Table Saw Cutting Capacity
The maximum width that may be cut in one pass with a table saw is called the rip capacity. Many table saws have a ripping capacity of around 24 inches, meaning the maximum width you can cut in one pass is 24 inches.
Depth of Cut
The maximum thickness that can be cut in one pass with a table saw is known as the depth of cut. The cutting depth is the distance from the table top to the top of the blade. Many table saws have a cutting depth of around 3 to 4 inches, which means the maximum thickness that can be cut in a single pass is 3 to 4 inches.
What are the Pros and Cons of a Table Saw?
- Excels at making long, straight, precise rip cuts
- Has the ability to make crosscuts, dados, grooves, and rabbets
- Large surface can handle big pieces of wood such as plywood
What is a Circular Saw?
A circular saw, sometimes called a Skilsaw, is a portable power tool with a blade mounted above a base plate. The blade may be raised or lowered through a slot in the plate, which allows you to control the cutting depth. The blade may also be tilted to change the angle of the cut.

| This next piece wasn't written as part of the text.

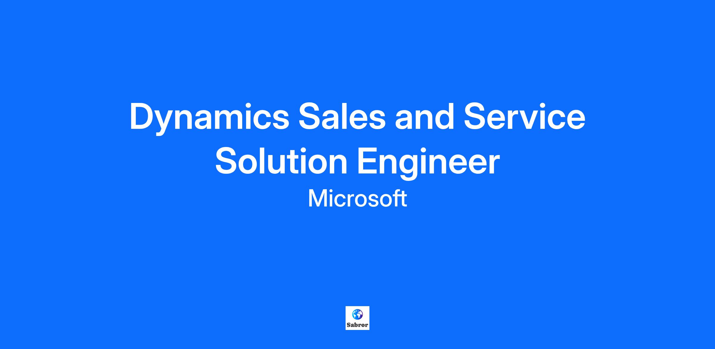 Dynamics Sales and Service Solution Engineer

To use a circular saw, you’ll place the plate on top of the workpiece and stand behind the tool. Then you’ll push the saw across the material, guiding the blade along the line you wish to cut.
Circular saws are dangerous for several reasons. First, because the blade is exposed and cuts beneath the workpiece, you can’t always see what is in its path, and it can easily cut through your fingers if you’re not careful. Second, the blade can bind in the material, causing the saw to kick back, which can also cause serious injury.

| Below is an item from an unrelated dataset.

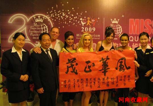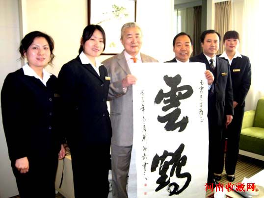 酒店总经理荆汝彭携酒店管理人员向全国政协委员、香港的陈玉书先生赠送书法作品
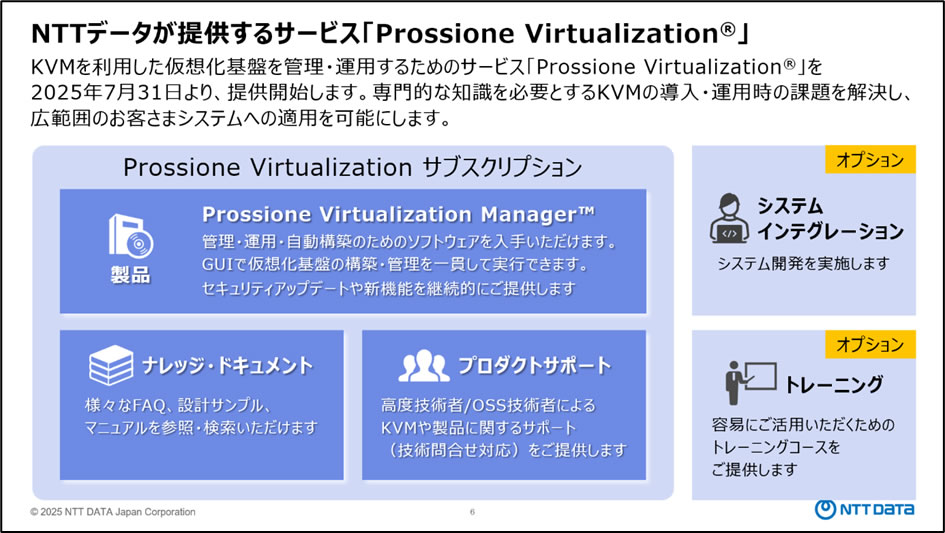 NTTデータが提供する「Prossione Virtualization」サービスは、Prossione Virtualization サブスクリプションを中心に、オプションでシステム開発を実施するためのシステムインテグレーションと、活用のためのトレーニングを提供します。

For these reasons, it’s important to be careful when using a circular saw. Make sure you follow the manufacturer’s safety instructions, you’re using the proper blade for the material you’re cutting, and be very mindful of where your fingers are in relation to the blade.
The portability of a circular saw is its greatest advantage. Circular saws are small and lightweight, making them easy to transport from one job site to another. Additionally, a circular saw’s small size is perfect for making cuts in tight spaces or hard-to-reach places, where another saw would be difficult to maneuver.

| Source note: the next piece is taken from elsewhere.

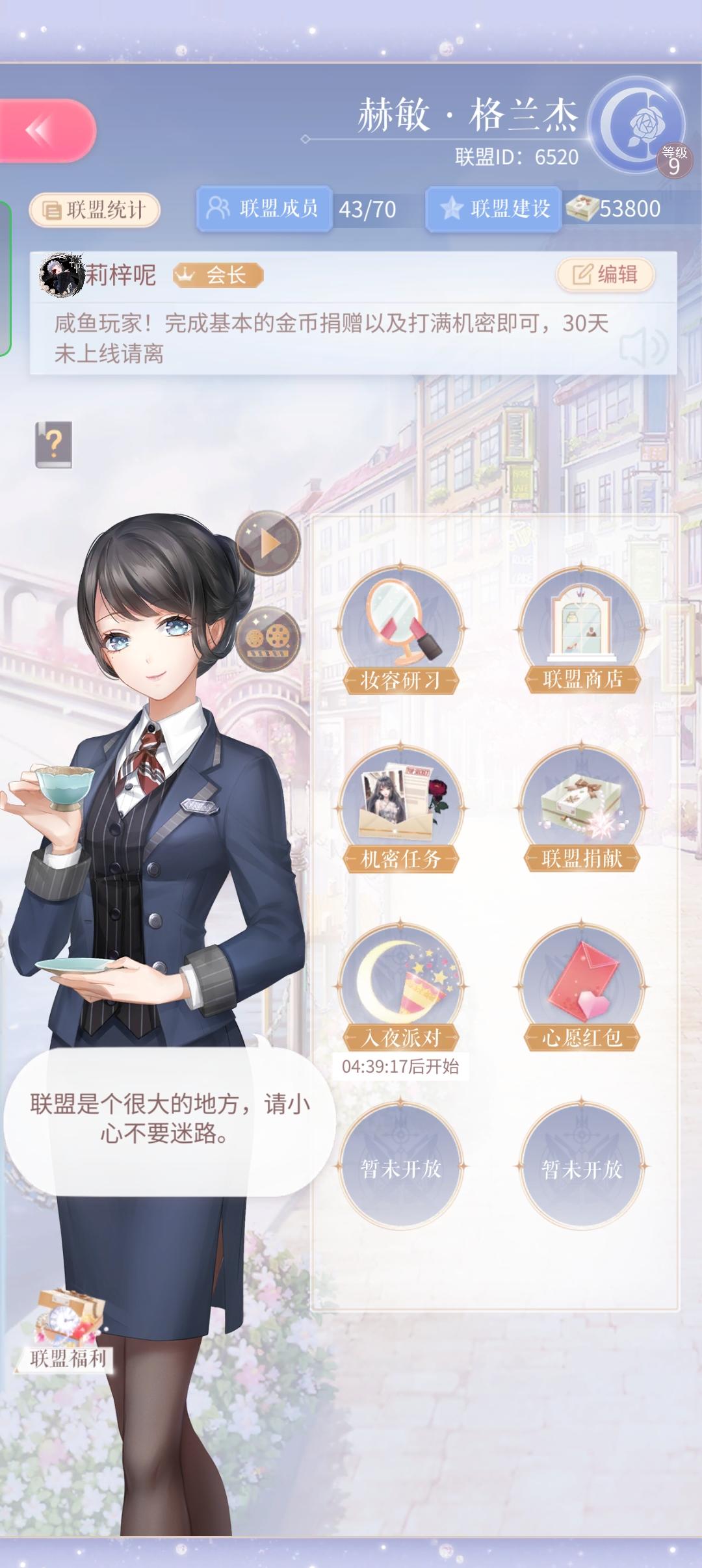 安卓官二,名字赫敏•格兰杰,目前排名1314,平均应该是2000内,混吃等死联盟,没待遇,根据贡献随缘买个联盟周礼包,要求打满机密和金币资源即可,30天未上线请离,不限制等级分数,喜欢直接在游戏搜联盟id6520,没有群

What is a Circular Saw Used For?
A circular saw may be used to cut a variety of materials such as lumber, plywood, MDF, and even concrete and metal.
I recently used my circular saw to cut some concrete blocks for a wall I was repairing. I used a masonry blade designed for cutting concrete, and it sliced through those blocks like a hot knife through butter!
Types of Cuts
Circular saws can perform the same tasks as table saws, such as making rip cuts, crosscuts, miters, and bevels.
Additionally, circular saws may be used for making compound cuts which combine two angles, a miter and bevel cut. This can be done by tilting the blade to one side while making a miter cut.
A circular saw can also make long and steep angled cuts, such as roof rafters that would be difficult to cut with any other saw.
A unique feature of a circular saw is its ability to make plunge cuts. A plunge cut is where you start the saw above the workpiece and then pivot the spinning blade into the material. This can be useful for cutting holes in the middle of material such as plywood.
One of the drawbacks of a circular saw is that it does not cut as precisely as a table saw since it lacks a fence to guide it in a straight line. To improve the accuracy, you may use various straightedges, and you may even use a circular saw freehand.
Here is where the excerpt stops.